◆ AIM OF THE TASK ◆
Word for word, copy out every line of the records, omitting each picture.

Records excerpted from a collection

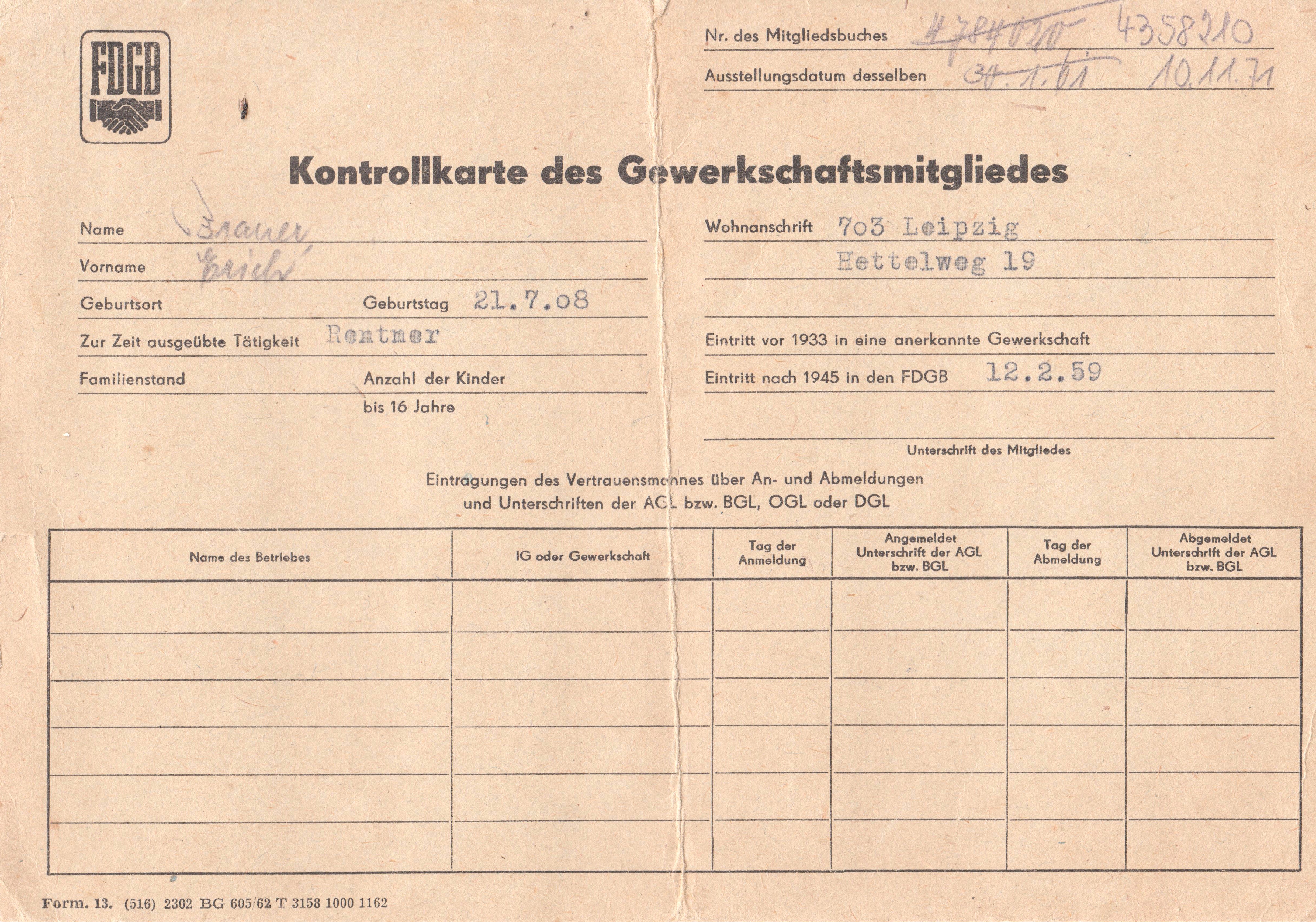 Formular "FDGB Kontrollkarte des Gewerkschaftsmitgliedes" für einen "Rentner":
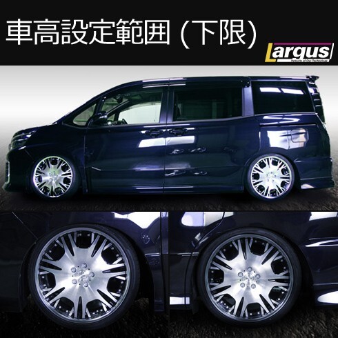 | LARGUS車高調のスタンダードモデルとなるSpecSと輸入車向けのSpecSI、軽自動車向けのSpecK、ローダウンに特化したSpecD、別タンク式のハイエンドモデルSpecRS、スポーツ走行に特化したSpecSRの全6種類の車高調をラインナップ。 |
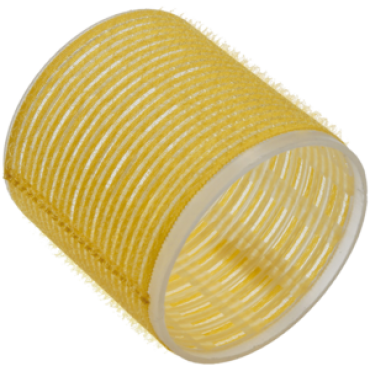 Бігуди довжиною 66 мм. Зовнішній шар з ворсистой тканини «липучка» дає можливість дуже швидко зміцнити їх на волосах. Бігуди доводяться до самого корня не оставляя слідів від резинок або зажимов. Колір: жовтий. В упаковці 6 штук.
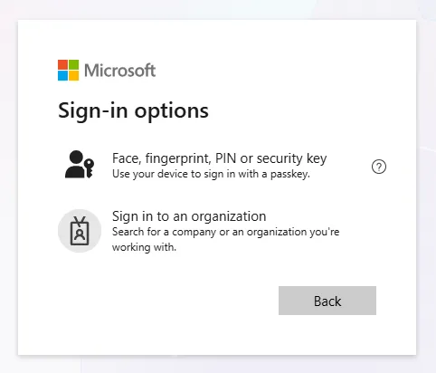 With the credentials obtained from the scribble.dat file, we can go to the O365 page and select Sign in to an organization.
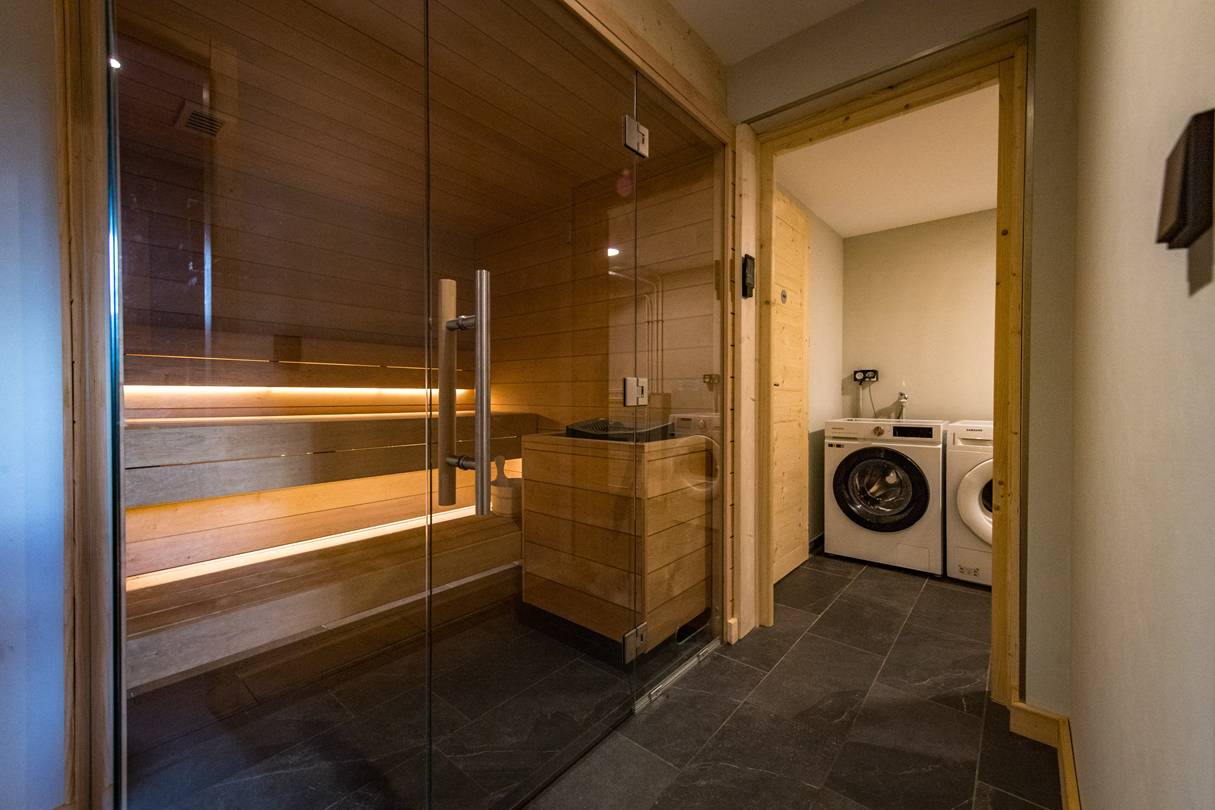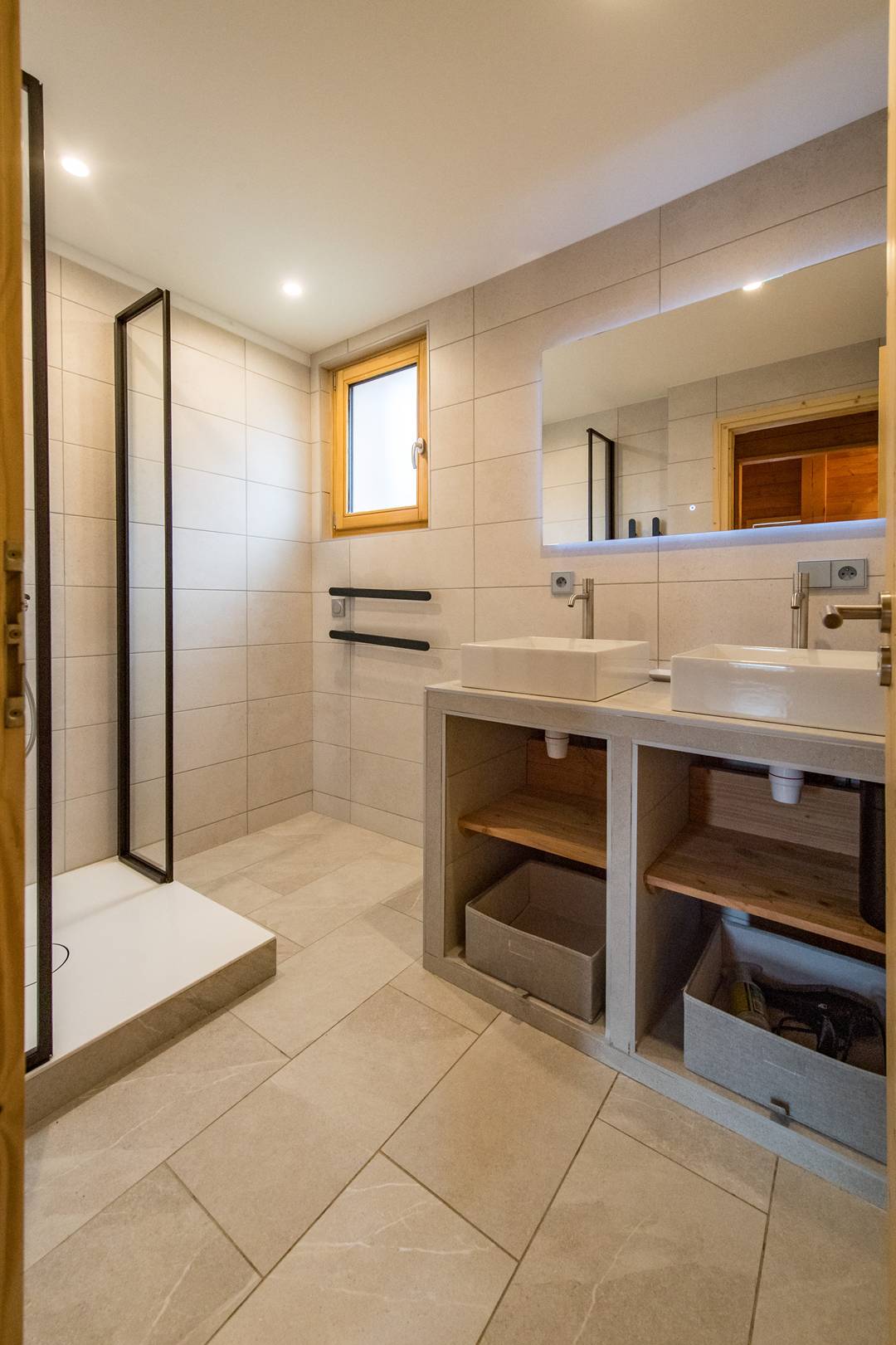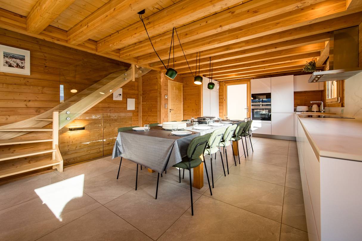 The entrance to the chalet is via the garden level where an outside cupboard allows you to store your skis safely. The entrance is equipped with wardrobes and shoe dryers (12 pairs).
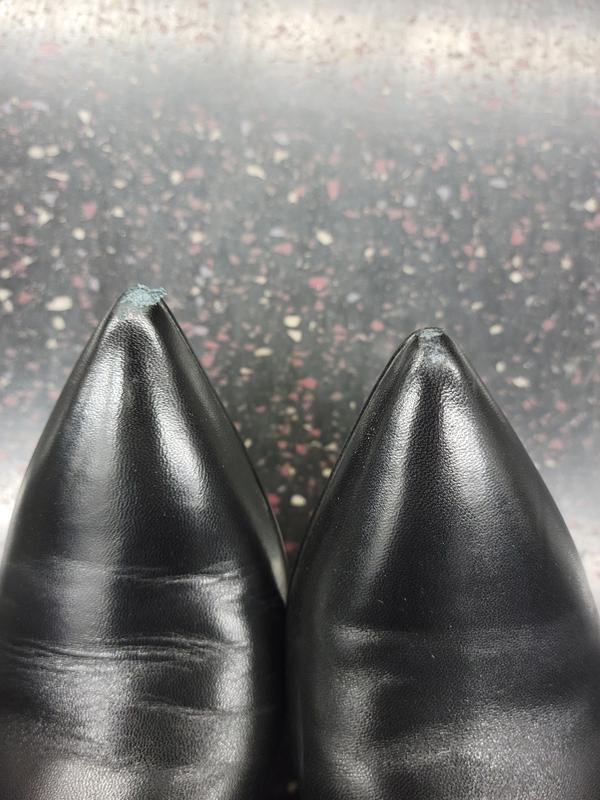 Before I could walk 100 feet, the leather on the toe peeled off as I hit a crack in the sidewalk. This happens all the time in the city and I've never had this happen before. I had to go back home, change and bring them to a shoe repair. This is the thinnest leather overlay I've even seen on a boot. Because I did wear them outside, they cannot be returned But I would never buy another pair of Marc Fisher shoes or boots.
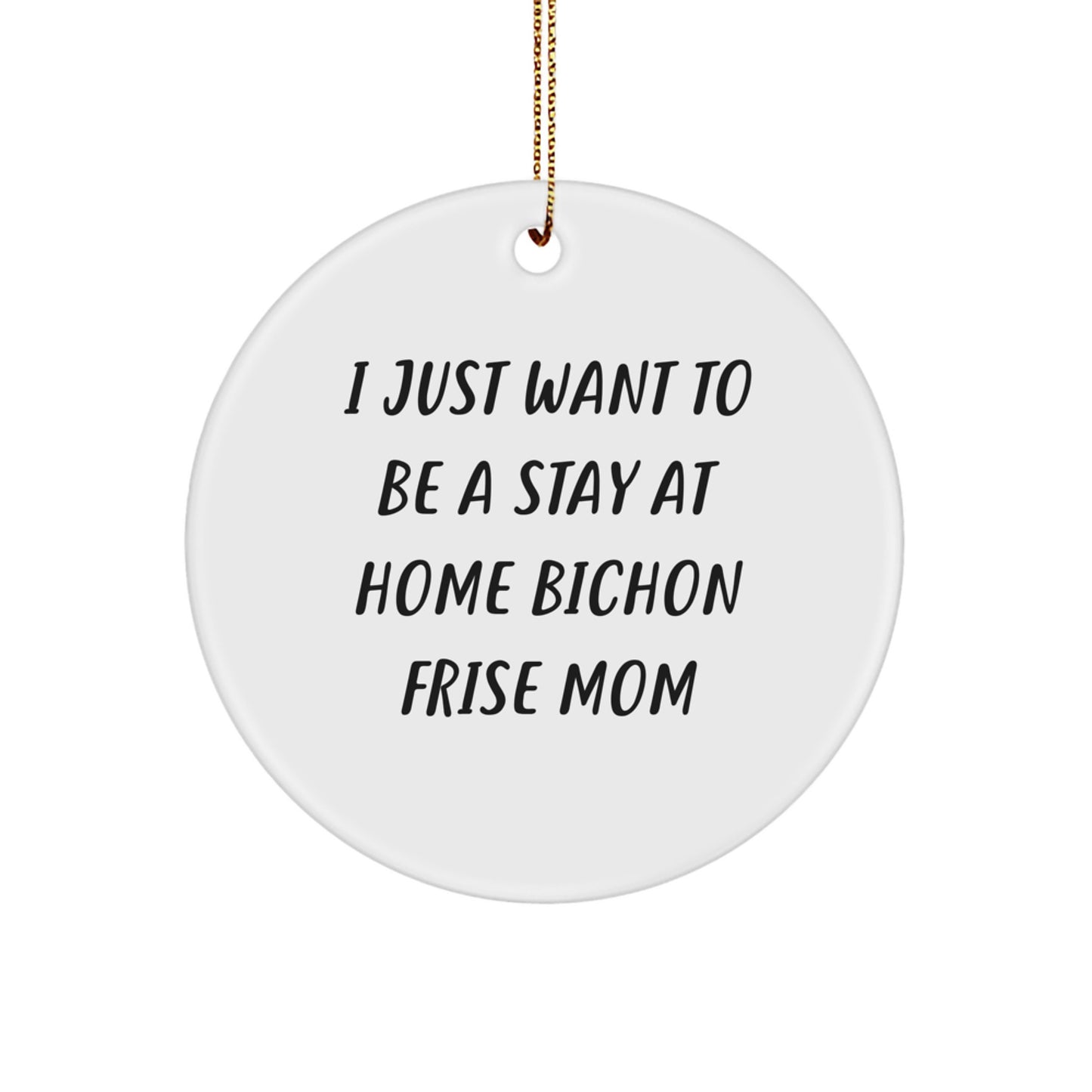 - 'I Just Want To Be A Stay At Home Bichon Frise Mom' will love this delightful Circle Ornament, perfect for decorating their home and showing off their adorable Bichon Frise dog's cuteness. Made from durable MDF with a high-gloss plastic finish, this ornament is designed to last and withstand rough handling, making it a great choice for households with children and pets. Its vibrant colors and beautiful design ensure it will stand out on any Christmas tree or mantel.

◆ RESPONSE TO THE EXERCISE ◆
 Formular "FDGB Kontrollkarte des Gewerkschaftsmitgliedes" für einen "Rentner":
 | LARGUS車高調のスタンダードモデルとなるSpecSと輸入車向けのSpecSI、軽自動車向けのSpecK、ローダウンに特化したSpecD、別タンク式のハイエンドモデルSpecRS、スポーツ走行に特化したSpecSRの全6種類の車高調をラインナップ。 |
 Бігуди довжиною 66 мм. Зовнішній шар з ворсистой тканини «липучка» дає можливість дуже швидко зміцнити їх на волосах. Бігуди доводяться до самого корня не оставляя слідів від резинок або зажимов. Колір: жовтий. В упаковці 6 штук.
 With the credentials obtained from the scribble.dat file, we can go to the O365 page and select Sign in to an organization.
 The entrance to the chalet is via the garden level where an outside cupboard allows you to store your skis safely. The entrance is equipped with wardrobes and shoe dryers (12 pairs).
 Before I could walk 100 feet, the leather on the toe peeled off as I hit a crack in the sidewalk. This happens all the time in the city and I've never had this happen before. I had to go back home, change and bring them to a shoe repair. This is the thinnest leather overlay I've even seen on a boot. Because I did wear them outside, they cannot be returned But I would never buy another pair of Marc Fisher shoes or boots.
 - 'I Just Want To Be A Stay At Home Bichon Frise Mom' will love this delightful Circle Ornament, perfect for decorating their home and showing off their adorable Bichon Frise dog's cuteness. Made from durable MDF with a high-gloss plastic finish, this ornament is designed to last and withstand rough handling, making it a great choice for households with children and pets. Its vibrant colors and beautiful design ensure it will stand out on any Christmas tree or mantel.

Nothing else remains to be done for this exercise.